Puede dar la sensación de que el título de la nueva producción de Pixar llama a engaño, puesto que así se llama la bisabuela del protagonista, Miguel, un personaje, en apariencia, secundario para la acción… Pero la realidad es que la elección de Lee Unkrich y Adrian Molina no es casual, pues aunque la historia nos coloca en el punto de vista del niño para que descubramos a su mismo ritmo la Tierra de los Muertos –es decir, la versión del Más Allá que describe el largometraje–, en realidad el eje dramático de la misma está situado en la relación Héctor/Coco.
Es decir, en realidad lo que nos está narrando el filme, aunque sea en segundo plano, son los esfuerzos desesperados de un padre por volver a ver, aunque sea brevemente, a una hija de cuya vida, por circunstancias que él mismo no se explica –y que descubrirá, junto al espectador, en el clímax de la historia–, desapareció de forma súbita… Y, de alguna manera, reconciliarse con lo ocurrido, compensar todos los años perdidos y aliviar el dolor causado. Un arco dramático que queda muy bien definido en la melodía que el matrimonio Kristen Anderson-Lopez/Robert Lopez ha compuesto para el largometraje, Recuérdame –que se repite durante el metraje, y en dos ocasiones con una emotividad realmente prodigiosa–.
Porque, pese a su tono vital, optimista, Coco habla de herencias vitales, de heridas primarias y de elecciones cuestionadas.
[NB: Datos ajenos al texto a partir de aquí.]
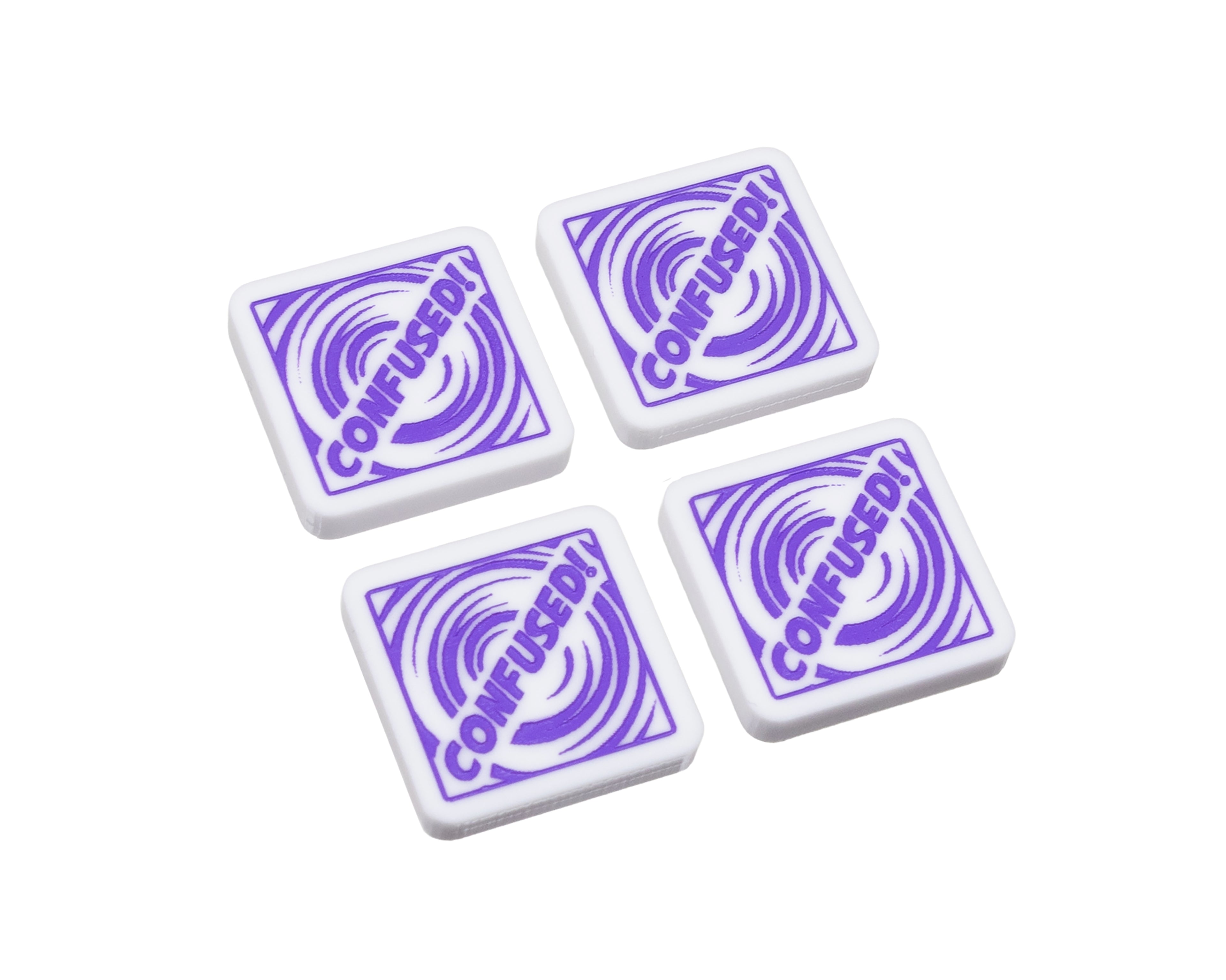 - 4 x Confused status tokens, double sided, measuring 18mm x 18mm

Hasta el punto de que el viaje a la Tierra de los Muertos no sirve para que Miguel se reconcilie con su familia, sino que, más bien, lo que provoca es que sea ésta la que se enfrente a su propia cerrazón, a esa negatividad heredada que tan bien se resume en el arranque del metraje: la reivindicación que hace el niño de su pasión por la música, de ese talento en bruto que le ha permitido aprender a tocar la guitarra viendo películas de Ernesto de la Cruz, funciona como terapia de regresión para su tatarabuela Imelda, que reencuentra, de alguna manera, sus ilusiones perdidas.
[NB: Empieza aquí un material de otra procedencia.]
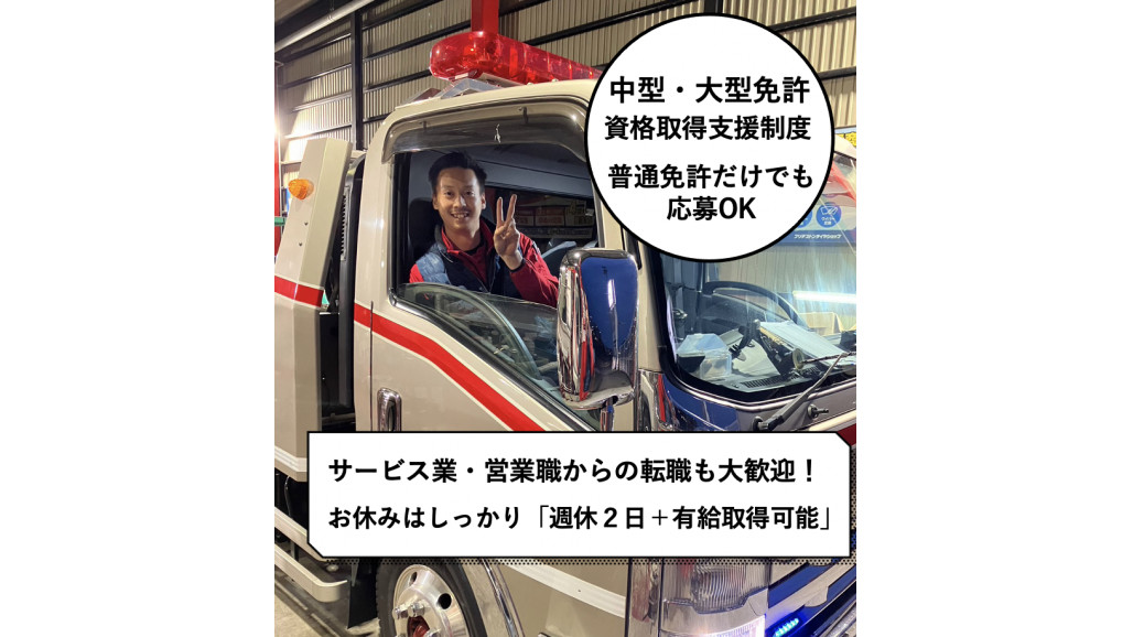 【人びとの心に寄り添う仕事。】 私たちの仕事はお客様の心に寄り添う仕事。時には涙を流して喜ばれることも。レッカーサービスを通じて人びとを助けていきませんか。 ■必須条件 ・自動車整備士2級以上 ・整備士としての実務経験(年数不問) ・普通自動車免許または中型自動車免許 ※平成19年6月以降に、普通自動車免許を取得した方は中型免許が必要ですが、入社後、取得支援制度がありますので、お気軽にご応募ください。 ■優遇条件 ・大型自動車免許 ・玉掛け作業主任者資格 ・クレーン操作者の資格 【当社の想い】 自動車の整備・メンテナンスの技術・経験はもちろん必要ですが、当社が何より大切にしているのは「お人柄」です。 この仕事は本当に困っている人を助ける仕事です。人助けへの情熱を持ち、一緒に働く仲間を心から大事にできる人を採用したいと思っています。 |

El trayecto de Miguel no es solamente, pues, uno de autodescubrimiento, sino también de reivindicación de su propio carácter, de su idiosincrasia, frente al carácter represivo de una familia marcada por las expectativas profesionales de un negocio heredado –en este caso, la zapatería–. De forma, si queréis, exagerada, pero Unkrich y Molina no dejan de reflejar aquello que los padres hacemos, a veces, de forma (casi) inconsciente: proyectar nuestras propias expectativas, nuestros sueños, en nuestros hijos –sea jugar a fútbol o convertirlos en aficionados al cine–, en lugar de escuchar sus inquietudes personales sin que nosotros las mediaticemos.
De hecho, si Coco habla de la memoria familiar, y de la importancia de su conservación, es porque, siendo conscientes de nuestra herencia, somos también más capaces –como le acaba ocurriendo a Miguel– de entendernos a nosotros mismos y de reconciliarnos con quién somos y por qué somos.